Iron Horse sat hunched over his untouched drink, his elbows almost reaching both corners of his side of the table. "Sandoz," he asked after a little while, "is there anything that would persuade you to go back with us to Rakhat?"
Emilio snorted, and picked up his glass, taking a sip. "I honestly don’t think I could get drunk enough for that to seem like a good idea," he murmured, "but I suppose we could give it a try."
"Giuliani and the Pope both believe it’s God’s will that you go back," Danny persisted. "D. W. Yarbrough said that you were once wedded to God—"
/> "Nietzsche, of course, would argue that I am a widower," Emilio said crisply, cutting him off. "I consider that I am divorced. The separation was not amicable."
"Sandoz," Danny said carefully, "even Jesus thought that God had forsaken Him."
Emilio leaned back in his chair and stared now with the stony contempt of a boxer about to level an inadequate opponent. "You don’t want to try that with me," he advised, but Iron Horse would not drop his gaze. Sandoz shrugged: I gave fair warning. "It was all over for Jesus in three hours," he said softly, and Danny blinked. "I’m done with God, Danny. I want no more part of Him. If hell is the absence of God, then I shall be content in hell."

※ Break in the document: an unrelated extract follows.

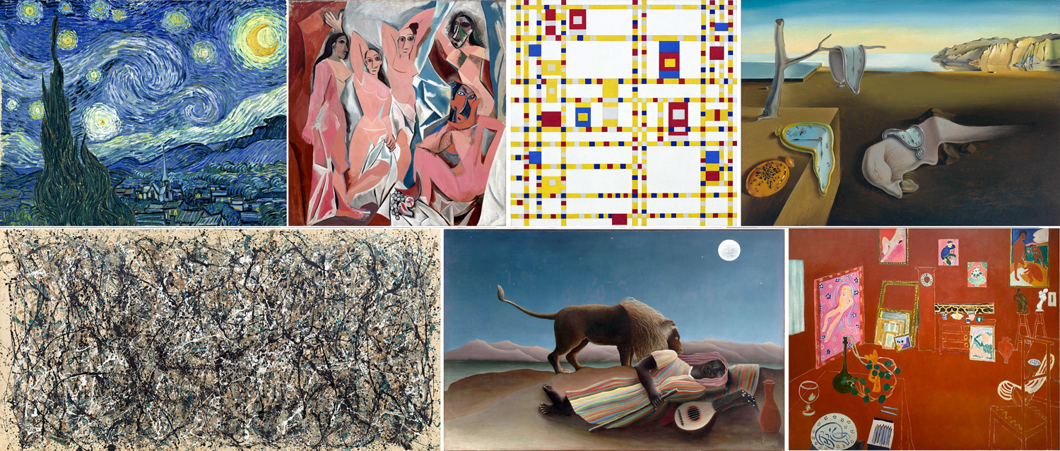 And most of all — the Museum of Modern Art, where I felt most at home. I came to know many famous paintings as old friends. Van Gogh’s Starry Night; Matisse’s L’Atelier Rouge; Picasso’s Demoiselles d’Avignon; Pollock’s One Number 31; Mondrian’s Broadway Boogie-Woogie; Henri Rousseau’s Sleeping Gypsy; Dali’s Persistence of Memory — all proper blue-chip Modern Art landmarks.

"My brother Walter’s daughter drowned," Danny said, reaching for the glass of rum and putting it at arm’s length. "Four years old. About six months after the funeral, Walt filed for divorce. It wasn’t my sister-in-law’s fault, but Walt needed someone to blame. He spent the next ten years trying to drink himself to death, and finally managed it. Rolled his car one night." Having made his point, he said, with no little compassion, "You must be very lonely."
"I was," Sandoz said. "Not anymore."
"Change your mind," Danny implored, leaning forward. "Please. Come with us."
Incredulous, Emilio gasped a laugh. "Danny, I’m getting married in twenty-five days!" He glanced at a clock. "And thirteen hours. And eleven minutes. But who’s counting, right?" His smile faded as he looked at Iron Horse; it was strangely affecting to see that big and unemotional man on the verge of tears. "Why is it so important to you?" Emilio asked. "Are you afraid? Danny, you and the others have so much more to go on than we had! Yes, you’ll make mistakes, but at least they won’t be the same ones we made." Iron Horse looked away, his eyes glittering. "Danny," Emilio ventured, "is there something else…?"
"Yes. No—. I don’t know," Danny said finally. "I–I need to think about this…. But—. Just don’t trust any of the Giulianis, Sandoz."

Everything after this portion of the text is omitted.